F.M.L. is a full-time employee of Roivant. Roivant is developing gimsilumab, a mAb to GM-CSF under investigation in a phase II clinical trial for the treatment of patients with COVID-19 with lung injury or ARDS. J.R.T., B.B. and J.A.H have received consulting fees from Roivant. The employer of J.A.H. and K.M.-C.L, the University of Melbourne, has licensed patented technology relating to therapeutically targeting GM-CSF to MorphoSys AG, Germany. The employer of B.B., the University of Zurich, holds a patent on the use of neutralizing GM-CSF in acute GvHD following stem cell transplantation and has a license agreement with Humanigen Inc., which is manufacturing such a GM-CSF-neutralizing mAb.

Figures

Fig. 1
Fig. 1. GM-CSF and inflammation.
The immune response, including granulocyte–macrophage colony-stimulating factor (GM-CSF) upregulation, can be triggered when an antigen induces a ‘danger’ signal from a host cell. During this response, GM-CSF can act locally in inflamed tissue to induce the survival, proliferation and/or differentiation of myeloid cells, such as monocytes/macrophages and neutrophils. More specifically, GM-CSF can potentially do the following: activate mature myeloid cells to a pro-inflammatory phenotype with enhanced cytokine (for example, IL-1, IL-6 and tumour necrosis factor (TNF)) and chemokine (for example, CCL2, IL-8 and CCL17) secretory capacity; recruit immature myeloid cells from the circulation and aid in their terminal differentiation; and develop/stimulate dendritic cells to prime the adaptive immune response. Activated lymphocytes (for example, GM-CSF-producing T helper cells) can migrate into diseased tissue and the circulation, serving as a source of GM-CSF, thereby aiding in the recruitment and activation of new myeloid cells.

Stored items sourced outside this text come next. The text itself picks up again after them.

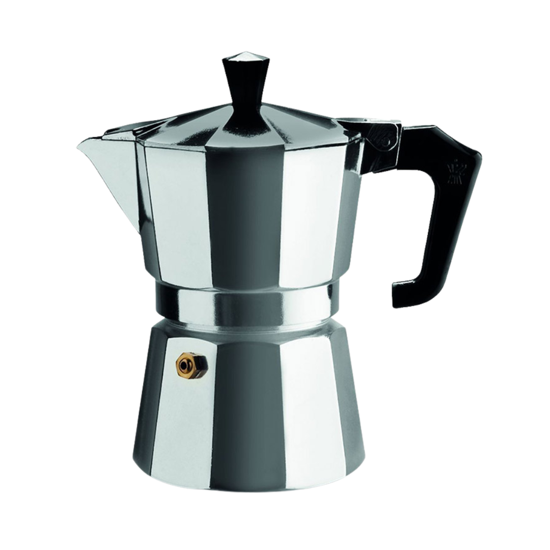 High quality Moka Pots for crafting traditional Italian espresso. Eight sided shape diffuses heat evenly to enhance the aroma and taste of the coffee.
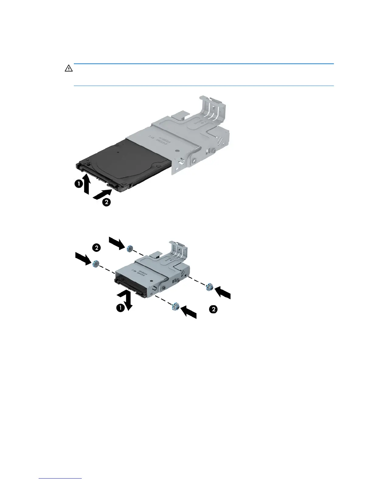 12. Position the hard drive so that the top of the hard drive is up against the top of the carrier (1) so
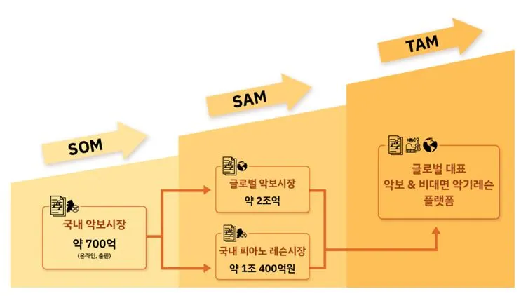 오프라인에 편중된 음악 악보와 레슨 시장의 디지털화를 선도하고 글로벌 비즈니스를 통해 성장하겠습니다!
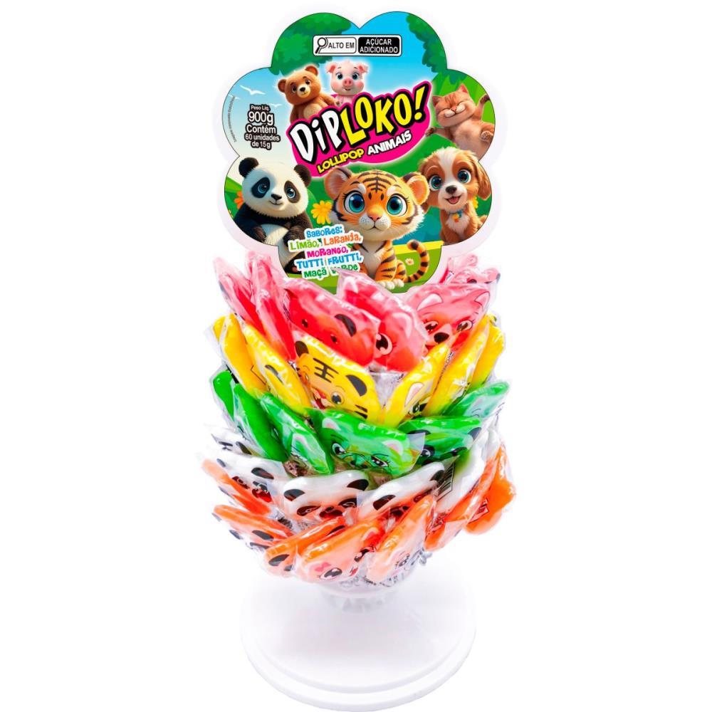 Dip Loko Lollipop Animais sabores limao, laranja, morango, tutti frutti e maca verde.
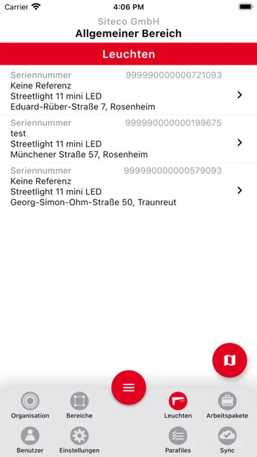 Managen: Zusätzlich können Kunden mit der App Leuchten inventarisieren und ein digitales Leuchtenkataster anlegen, inklusive Geo-Position der einzelnen Leuchten.
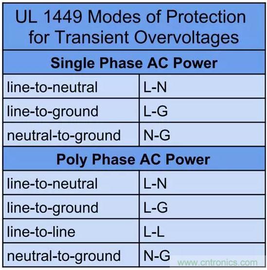 美國保險商實驗室(Underwriter’s Laboratory)所列的數(shù)種避雷防護標準主要針對浪涌保護中采用的設(shè)備(見表2)。其中,浪涌保護器件標準UL1449規(guī)定了瞬態(tài)電壓電氣路徑在各種系統(tǒng)供電方式下所需采取的保護模式。

GM-CSF levels can also be elevated systemically to induce ‘emergency myelopoiesis’, expanding and mobilizing immature myeloid/progenitor haematopoietic cells in the circulation and bone marrow. These GM-CSF-dependent responses thus heighten the inflammatory response in inflamed or diseased tissue. The broad range of immunological activities of GM-CSF can form part of positive-feedback loops/networks that can initiate and maintain disease-causing hyperactive or chronic immune responses. GM-CSF has also been shown to enhance antimicrobial host defence and lung barrier repair (not shown). Blue arrows mean ‘secretes’, black arrows mean ‘acts on’, dotted arrows indicate movement or differentiation and ‘host cell’ refers to various haematopoietic and non-hematopoietic cell types. SARS-CoV-2, severe acute respiratory syndrome coronavirus 2.